Em Reposição – Carax e As Duas Primeiras Obras

A propósito dos trinta anos desde a estreia do primeiro filme de Leos Carax, foi tomada a iniciativa pela Medeia Filmes na restauração dos seus dois primeiros trabalhos. Um gesto que nos dá a conhecer um pouco melhor a carreira de um artesão e visionário cujo estatuto de culto tornou-o num dos mais fortes símbolos do cinema francês contemporâneo.

“Os Solitários Que Nunca Estão Sós”

Os temas de amor e alienação da carreira do realizador estão presentes desde o seu filme de estreia, Boy Meets Girl (Paixões Cruzadas, 1984). Aqui, um realizador (Denis Lavant) conhece uma dançarina e atriz com tendências suicidas (Mireille Perrier). Ambos têm em comum o abandono pelos seus parceiros e, por uma noite, é-nos apresentado um romance possível que poderia ter-se vindo a concretizar, após o encontro melancólico de ambos.

Contado num preto-e-branco dramático e violento, foi realizado quando o cineasta tinha apenas vinte e quatro anos, de forma matura e vagamente cinéfila. As feridas do passado destroem os sonhos futuros na vida presente, parece Carax dizer neste seu monólogo apaixonante sobre o teatro afetivo que todos os amantes sofrem.

De notar a cena numa festa dantesca que deve tudo a Pedro, o Louco de Godard com a personagem de um velho operador de câmara surdo-mudo a “falar” dos jovens e do cinema.

“Um Amor Que Arde Depressa, Mas Que Dura”

Mauvais Sang (Má Raça, 1986) passa-se no futuro Parisiense, com a epidemia de um vírus que infeta as pessoas que fazem amor sem sentimento, levando-as ao suicídio. Um rufia adolescente (Lavant, outra vez) é contratado por um mafioso (Michel Piccoli) para recolher uma das culturas armazenadas num laboratório, apaixonando-se pela namorada deste último (Juliette Binoche).

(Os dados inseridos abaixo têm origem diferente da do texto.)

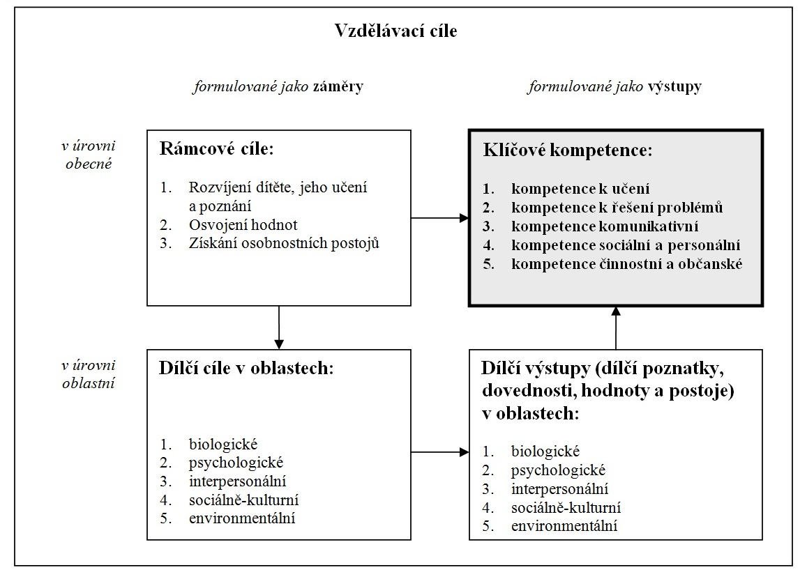 Legenda: Obecné záměry vzdělávání jsou vyjádřeny pomocí rámcových cílů, výstupy pak v podobě klíčových kompetencí. Rámcové cíle se promítají do pěti vzdělávacích oblastí a získávají podobu cílů dílčích. Jejich průběžné naplňování směřuje k dosahování dílčích kompetencí, které jsou základem pro postupné budování kompetencí klíčových.

Um estilo vivo e vertiginoso (que bem define o realizador), com os ângulos de câmara mais improváveis e inteligentes. É a penumbra em que os atores são colocados, a focagem e alguns dos melhores travellings que alguma vez se viram, um deles acompanhado pelo Modern Love de David Bowie, enquanto Lavant mutila-se numa correria para o vazio. Nada passa ao lado do espetador, quer tenha conhecimento ou não da linguagem cinematográfica comum.

E então? E então são as cores invernais com um vermelho, amarelo e azul ocasional a contrastar nas personagens. Um equilíbrio perfeito e funcional entre o estilo e o conteúdo (que é como quem diz, tem muito de ambos), colocando Piccoli, Lavant e Binoche num triângulo amoroso improvável, com diálogos poéticos e alternados sobre o amor e a vida, que ecoa o espírito da Nouvelle Vague. É o Alphaville, o Acossado e o Viver a Sua Vida numa só jogada. E, parecendo que não, é um enorme feito para um cineasta numa segunda obra.

 

O melhor: A intemporalidade de dois trabalhos ricos.

O pior: O ter-se esperado até Holy Motors para Carax recuperar a aclamação perdida depois do seu segundo filme.